Greenway Frank L, Whitehouse M J, Guttadauria Maria, Anderson James W, Atkinson Richard L, Fujioka Ken, Gadde Kishore M, Gupta Alok K, O'Neil Patrick, Schumacher Donald, Smith Diane, Dunayevich Eduardo, Tollefson Gary D, Weber Eckard, Cowley Michael A
1Pennington Biomedical Research Center, Louisiana State University System, Baton Rouge, Louisiana, USA.
Obesity (Silver Spring). 2009 Jan;17(1):30-9. doi: 10.1038/oby.2008.461. Epub 2008 Nov 6.

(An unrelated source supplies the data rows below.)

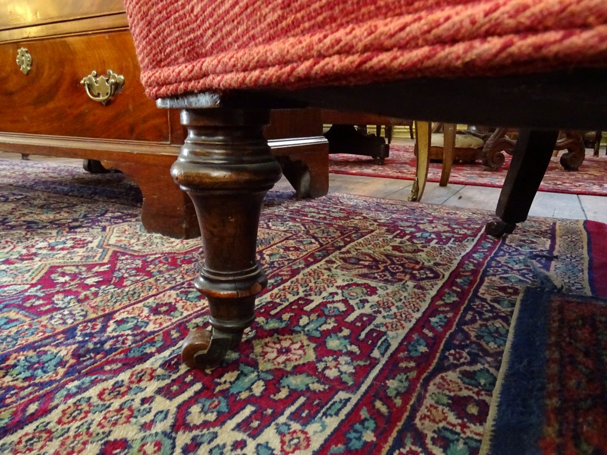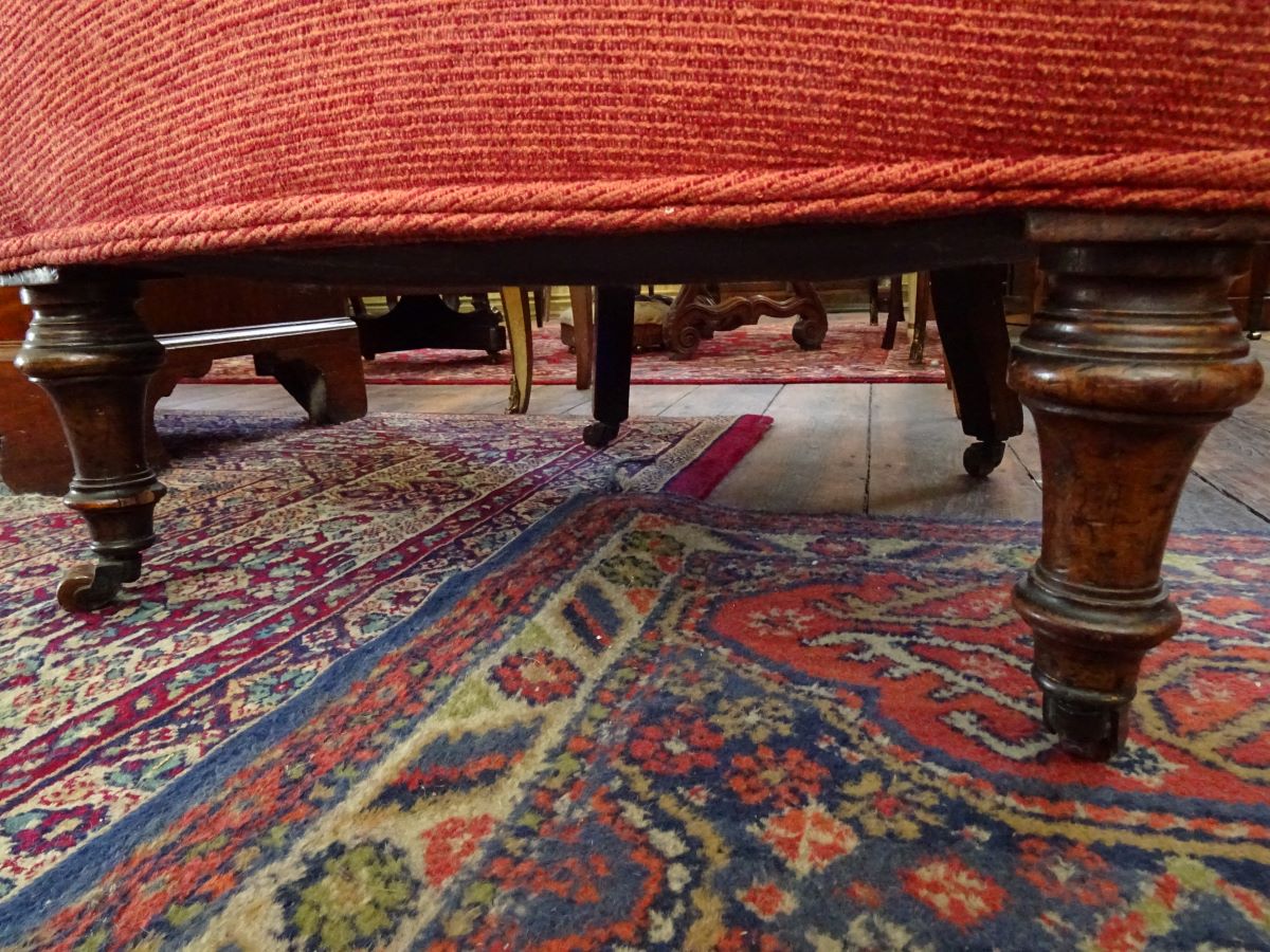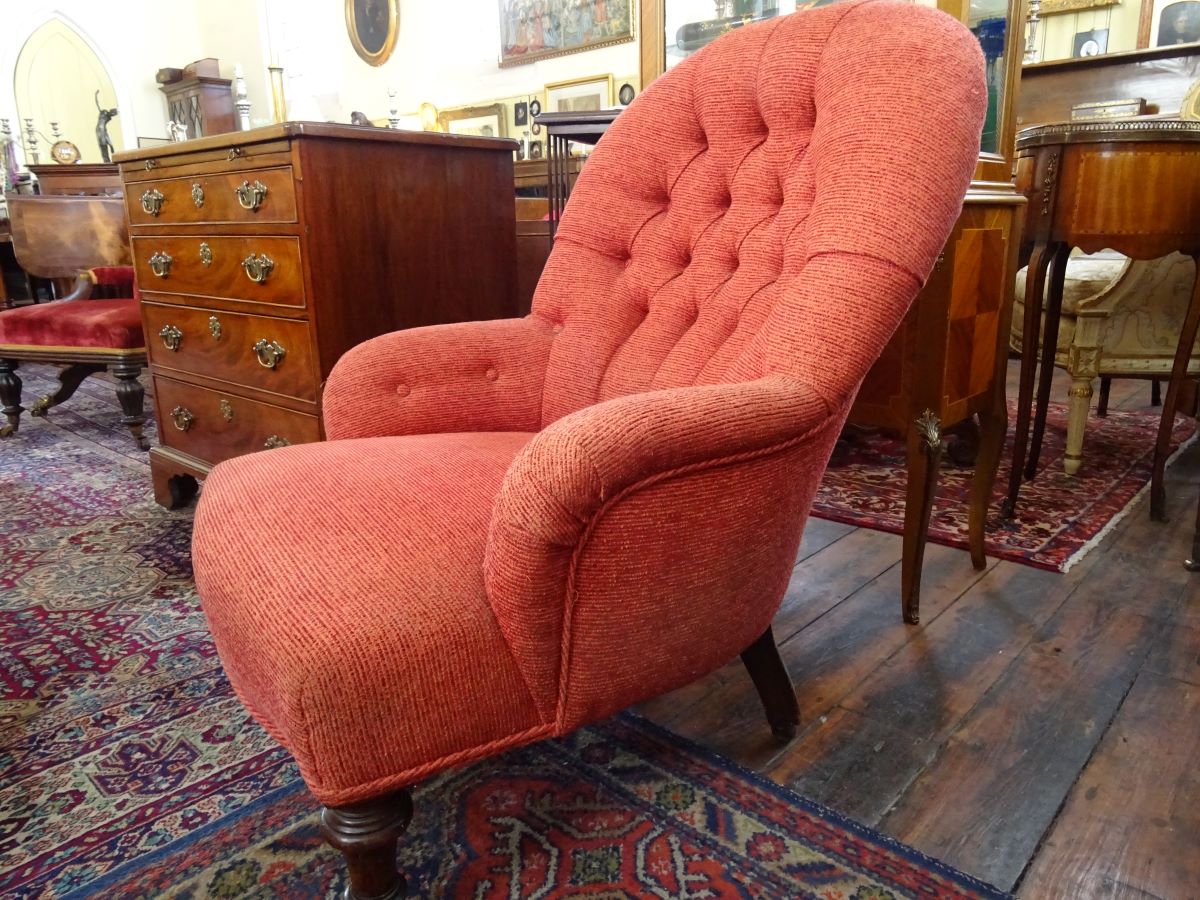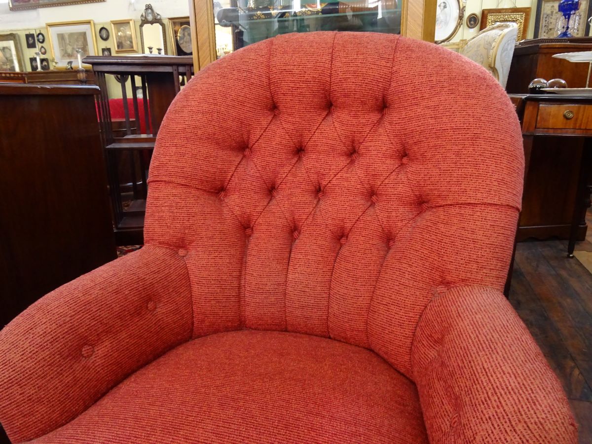 Here is a well upholstered fireside chair, upholstered in a terracotta fabric, button back and overstuffed seat. Stands on turned forelegs with castors. Excellent condition.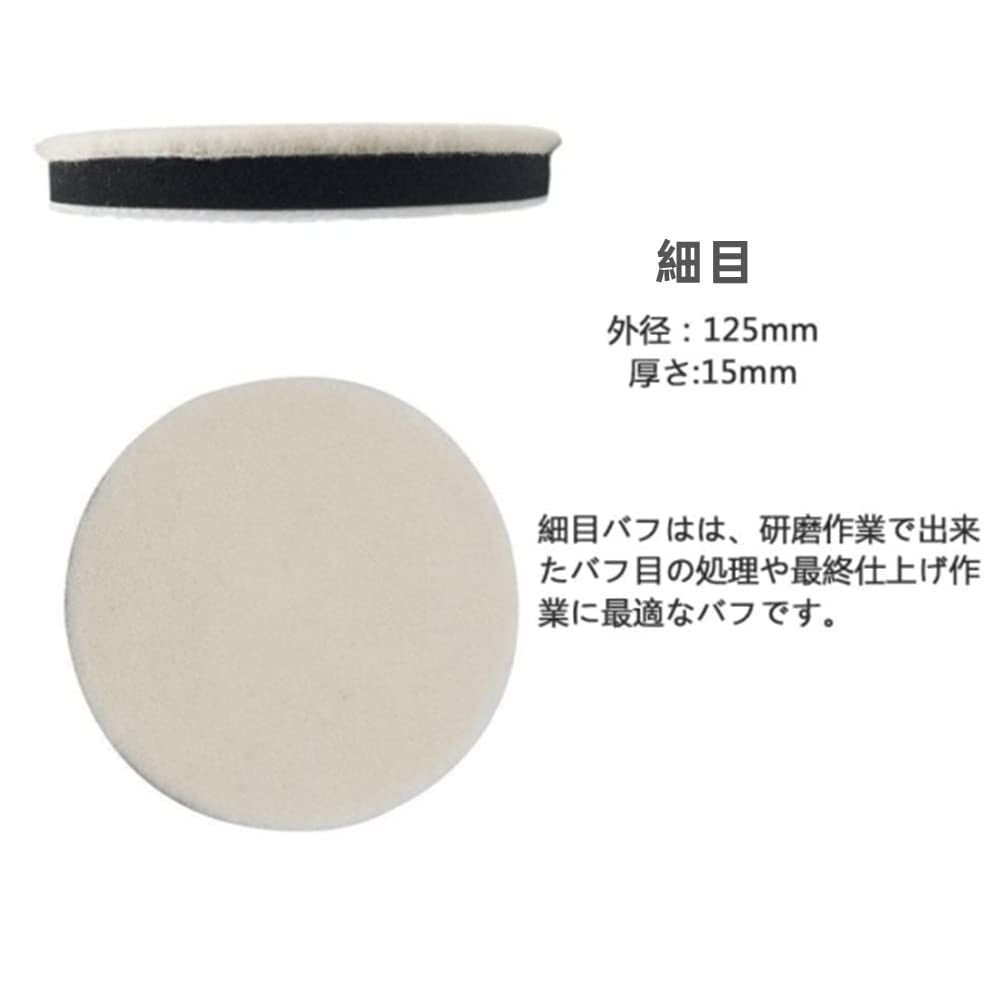 ポリッシャーバフ 6個セット 研磨バフ 125mm 細目 マジックテープ式 車磨き用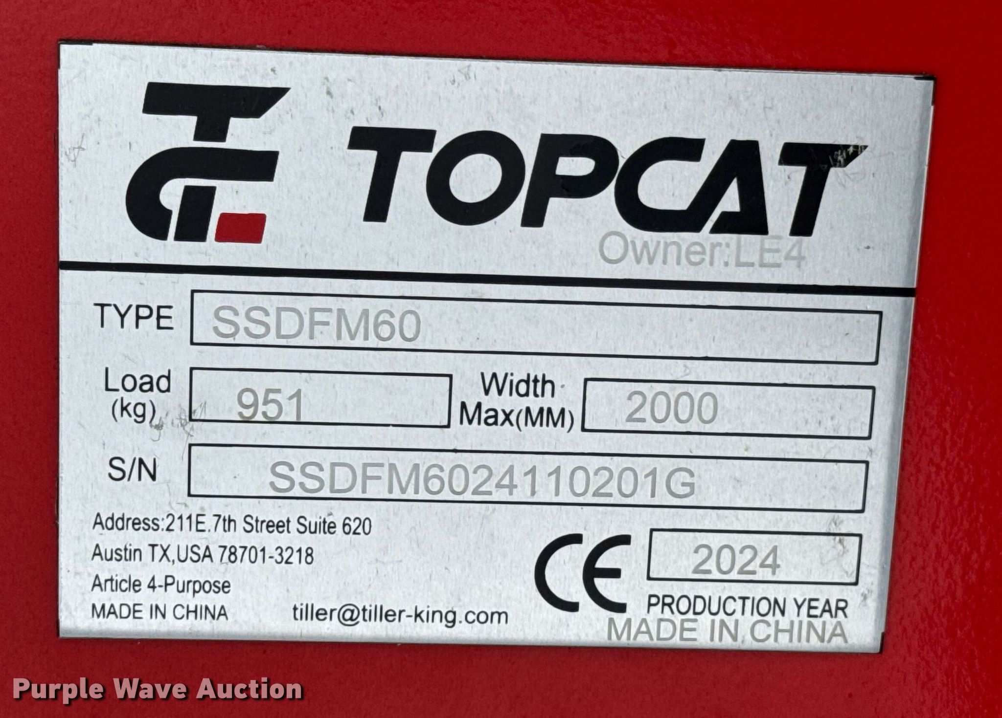 Purple Wave is selling a used Skid Steer Attach. in Kansas. This item is a 2024 TopCat SSDFM60 skid steer mulcher with the following: Serial: SSDFM6024110201G, Width: 60", Unused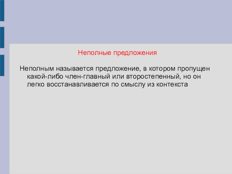 Неполным называется предложение, в котором пропущен какой-либо член-главный или второстепенный,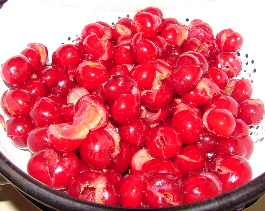 Incerc mereu sa gasesc solutii de stocare a fructelor fara a folosi prea mult zahar. Asa ca m-am socotit eu ce sa mai fac cu inca o tura de visine. M-am gandit sa le pun la congelator, insa cum nu dispun de congelator decat cel incorporat in frigider, nu doream sa-mi ocup tot spatiul, insa totusi vroiam cateva fructe proaspete pentru pus in iaurt sau placinte. Asa ca mi-a traznit o idee. Am curatat visinele de samburi.
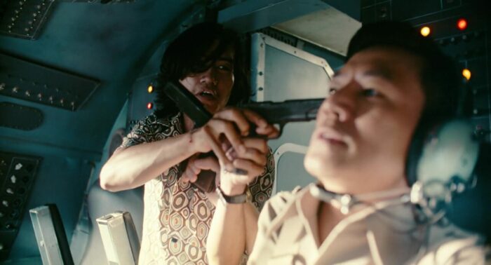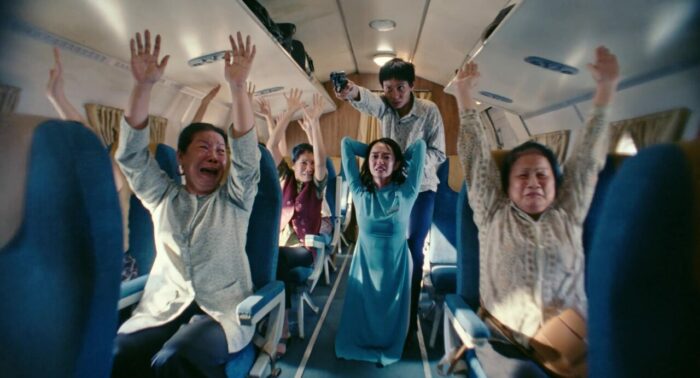Si dans le fond, Hijacked n’est qu’une production reprenant les codes et poncifs d’un genre parfaitement huilé, à savoir le huis clos avec terroristes dans un avion en plein vol, genre qui nous a donné des Air Force One ou Ultime Décision, dans la forme, le métrage Vietnamien est ambitieux. Très ambitieux. Un intérieur d’avion entièrement construit en studio, des extérieurs intégralement en CGI, le premier film d’action Vietnamien à sortir en imax, et une production tellement énorme que la post-production même fut bouclée seulement deux heures avant la première projection presse. Cette ambition, on la retrouve aussi au casting, avec des têtes parfaitement connues du cinéma Vietnamien. Bref, ça inaugurait du bon, à défaut de renouveler la formule. Et au final, Hijacked livre même, osons les mots, du très bon. Mais oui, sans rien renouveler. La recette miracle ? Une réalisation lisible, un montage minutieux, et surtout un sens du rythme qui ne faiblit quasiment pas une seconde du début à la fin du film. Et tout ça venant d’un réalisateur pourtant au départ plus habitué aux comédies romantiques et aux films d’horreur. Réalisateur d’ailleurs qui ne se contente pas de réaliser, mais signe également le scénario et le montage du film. Hijacked, c’est donc clairement son bébé. Un bébé qui s’inspire d’événements réels ayant eu lieu en 1975, le détournement de trois avions pour être précis. Ici, seulement deux avions. Pour le contexte, rien de plus simple, en 1975, l’administration Américaine a autorisée des réfugiés Vietnamiens à se rendre dans des pays alliés pour fuir le pays. Ce qui donna des idées a quelques personnages pour détourner des avions. Et dès l’ouverture du film se déroulant en 1977 sur un premier avion, le film montre sa note d’intention. Un côté crédible, hyper réaliste, une violence sèche quand elle débarque et qui n’hésite pas à y aller à fond, et une belle gestion de l’espace pourtant très limité.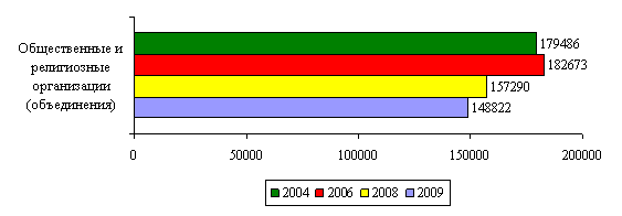 Рис. 3. Число некоммерческих организаций Наиболее многочисленные группы таких организаций – это учреждения, созданные органами государственной и муниципальной власти, а также потребительские кооперативы. Не менее актуальным является вопрос о числе реально действующих российских НКО. Не секрет, что ряд организаций существует только на бумаге, не ведет, по тем или иным причинам, деятельность, предусмотренную их уставами. Такие организации искажают представления о потенциале российского некоммерческого сектора, его ресурсах и способности решать социально значимые задачи. Вместе с тем, информация о динамике численности реально действующих НКО могла бы послужить важным индикатором качества среды, в которой живет российский некоммерческий сектор, а также индикатором состояния гражданского общества: рост числа реально действующих НКО может восприниматься как свидетельство благоприятных условий для деятельности в некоммерческом секторе, как свидетельство роста гражданской активности. При этом, оценка численности реально действующих в нашей стране НКО по международным стандартам позволяет представить, какую позицию занимает Россия в глобальном контексте гражданского общества. Согласно данным всероссийского обследования НКО, в негосударственных некоммерческих организациях по найму на условиях полного или неполного рабочего дня (полной или неполной рабочей недели) трудится 1,13% экономически активного населения России. Среди подростков в 2009 году был велик и потенциал оценки собственной социальной активности. Более двух третей опрошенных подростков считают себя общественно активными людьми (67%). Данные сильно разнятся с опросом взрослого населения. Среди россиян старше 18 лет только чуть больше четверти относят себя к общественно активным людям. Почти каждый пятый тинэйджер ожидаемо сообщает, что не имеет опыта общественной работы (19%). Россиян более старшего возраста, отмечающих данную позицию, в два раза больше. В 2009 году подростки чаще всего занимались общественной работой по месту учебы, но и достаточно часто – по принуждению старших. Однако заметен и тот факт, что подростки и люди старше 55 лет чаще других занимаются общественной работой по месту жительства. Так, участие в каких-либо мероприятиях, организованных самими гражданами по месту жительства (субботниках, ремонте, собраниях жильцов, дежурстве) привлекает значительную часть подростков (37%). Это является достаточно высоким показателем, учитывая, что подростки больше ориентированы на учебу и общение. В 2009 году в школьных организациях состояло 16% подростков, в объединениях неполитического характера – 15%. Участники молодежных политических организаций составляют 5%, что является существенным показателем для молодого поколения. Подводя итог, необходимо отметить, что прирост структурных элементов гражданского общества совсем невелик, однако при рациональной стратегии развития гражданского общества этот показатель может быть значительно увеличен. гражданский общество социальный россия2.4 Направления развития гражданского общества в России: cтратегия и необходимые действияРазвивающееся российское общество многолико и разнообразно. Несмотря на далекие от тепличных условия, в которых на протяжении десятилетий оформлялись и заявляли о себе социальные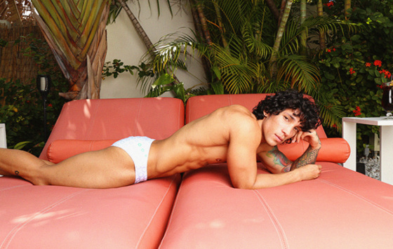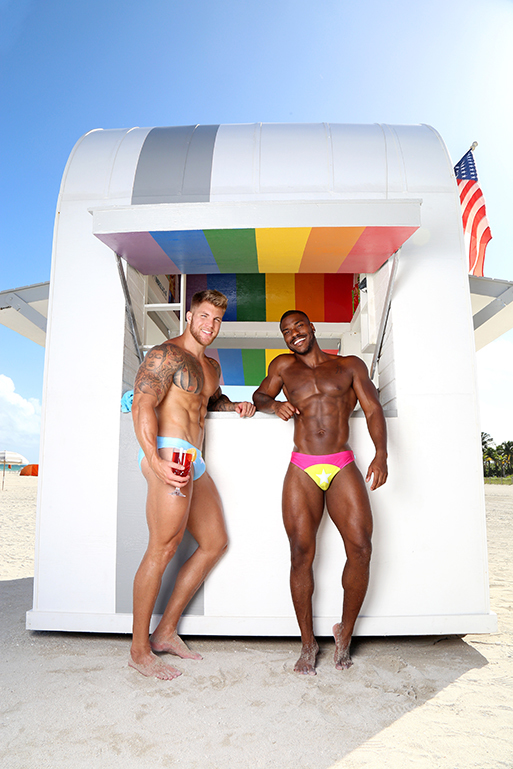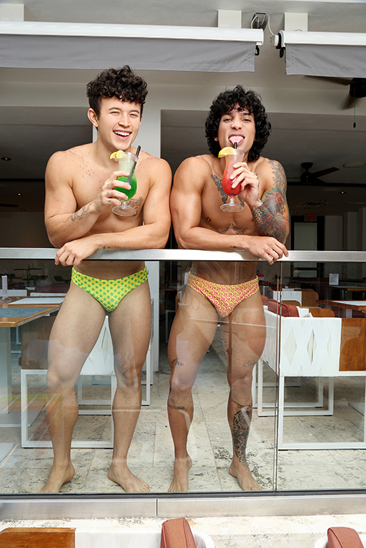 Two guys are putting glitter on each other before heading to the party in Mykonos.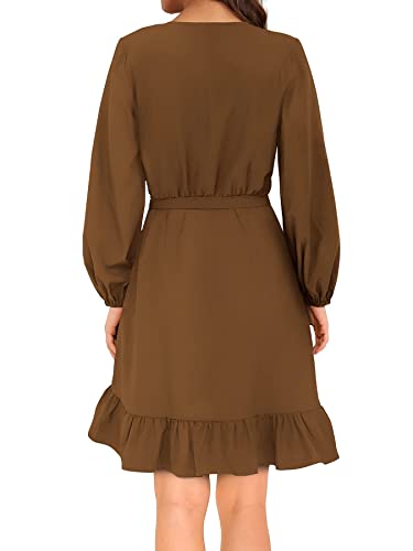 Beluring Abiti da Donna Abito Corto A Maniche Lunghe con Scollo A V E Volant Marrone XXL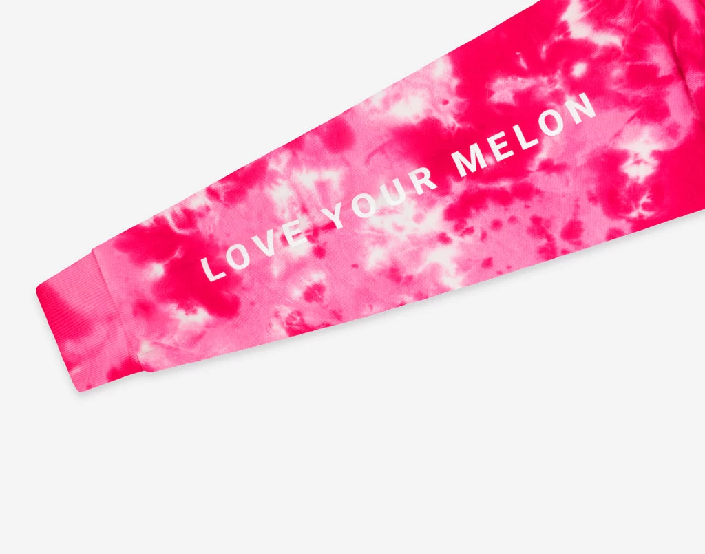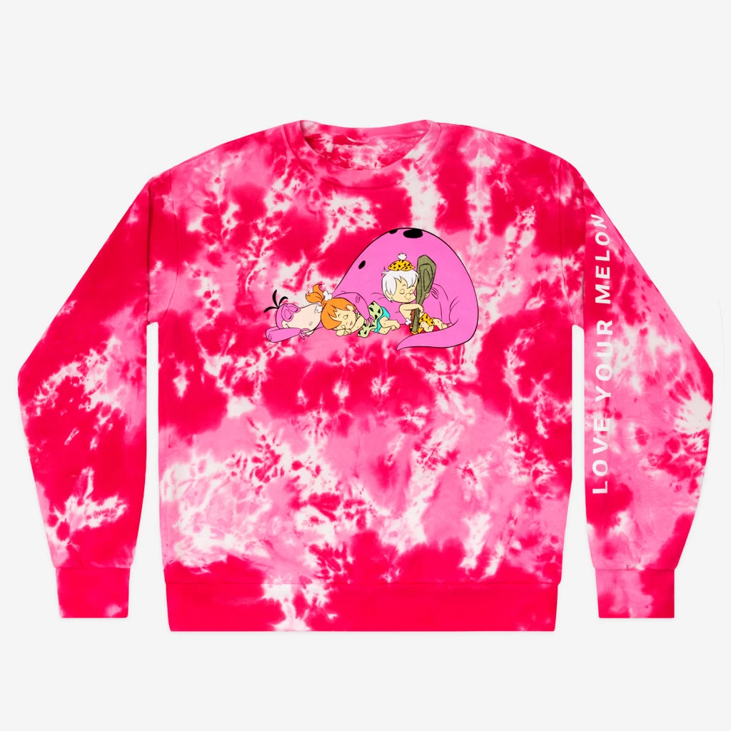 You will rock this crew neck in Stone Age style! This crew neck sweatshirt is made from heavyweight reactive-dyed French Terry cotton and silicone washed for a super soft, relaxed fit and then individually tie dyed for a hoodie that is uniquely yours. This crew neck features the Dino, Pebbles, Bamm-Bamm icons on the front and the Love Your Melon logo up the side of the sleeve.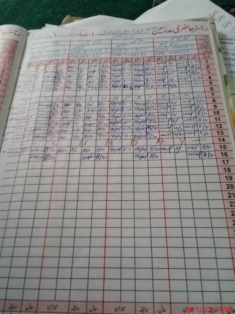 | CNIC | Full Name | Designation | R/C | Absence During Last Calender Month |

Existing obesity therapies are limited by safety concerns and modest efficacy reflecting a weight loss plateau. Here, we explore combination therapy with bupropion (BUP), a putative stimulator of melanocortin pathways, and an opioid antagonist, naltrexone (NAL), to antagonize an inhibitory feedback loop that limits sustained weight reduction. In vitro electrophysiologic experiments were conducted to determine the extent to which BUP+NAL stimulated hypothalamic pro-opiomelanocortin (POMC) neurons in mouse brain. A subsequent study further characterized the effect of combination BUP+NAL treatment on food intake in lean and obese mice. Finally, a randomized, blinded, placebo-controlled trial in obese adult subjects was conducted. Randomization included: BUP (300 mg) + NAL (50 mg), BUP (300 mg) + placebo (P), NAL (50 mg) + P or P+P for up to 24 weeks. BUP+NAL stimulated murine POMC neurons in vitro and caused a greater reduction in acute food intake than either monotherapy, an effect consistent with synergism. Combined BUP+NAL provided sustained weight loss without evidence of an efficacy plateau through 24 weeks of treatment. BUP+NAL completers diverged from NAL+P (P < 0.01) and P+P (P < 0.001) at week 16 and from BUP+P by week 24 (P < 0.05). The combination was also well tolerated. Translational studies indicated that BUP+NAL therapy produced synergistic weight loss which exceeded either BUP or NAL alone. These results supported the hypothesis that NAL, through blockade of beta-endorphin mediated POMC autoinhibition, prevents the classic weight loss plateau observed with monotherapies such as BUP. This novel treatment approach (BUP+NAL) holds promise for the treatment of obesity.\
现有的肥胖症治疗方法受到安全性问题和减肥效果有限的限制,减肥效果会达到平台期。在此,我们探索了安非他酮(BUP,一种假定的黑皮质素途径刺激剂)与阿片类拮抗剂纳曲酮(NAL)的联合疗法,以对抗限制持续体重减轻的抑制性反馈回路。进行了体外电生理实验,以确定BUP+NAL刺激小鼠下丘脑促阿片黑素细胞皮质素(POMC)神经元的程度。随后的一项研究进一步表征了BUP+NAL联合治疗对瘦小鼠和肥胖小鼠食物摄入量的影响。最后,在肥胖成年受试者中进行了一项随机、双盲、安慰剂对照试验。随机分组包括:BUP(300毫克)+NAL(50毫克)、BUP(300毫克)+安慰剂(P)、NAL(50毫克)+P或P+P,治疗长达24周。BUP+NAL在体外刺激了小鼠POMC神经元,并且比单一疗法导致急性食物摄入量有更大幅度的减少,这一效果与协同作用一致。联合使用BUP+NAL可实现持续体重减轻,在24周的治疗期间没有出现疗效平台期的迹象。在第16周时,BUP+NAL治疗组与NAL+P组(P<0.01)和P+P组(P<0.001)出现差异,到第24周时与BUP+P组出现差异(P<0.05)。该联合疗法的耐受性也良好。转化研究表明,BUP+NAL疗法产生的协同减肥效果超过单独使用BUP或NAL。这些结果支持了以下假设,即NAL通过阻断β-内啡肽介导的POMC自身抑制作用,防止了如BUP等单一疗法中常见的体重减轻平台期。这种新的治疗方法(BUP+NAL)有望用于肥胖症的治疗。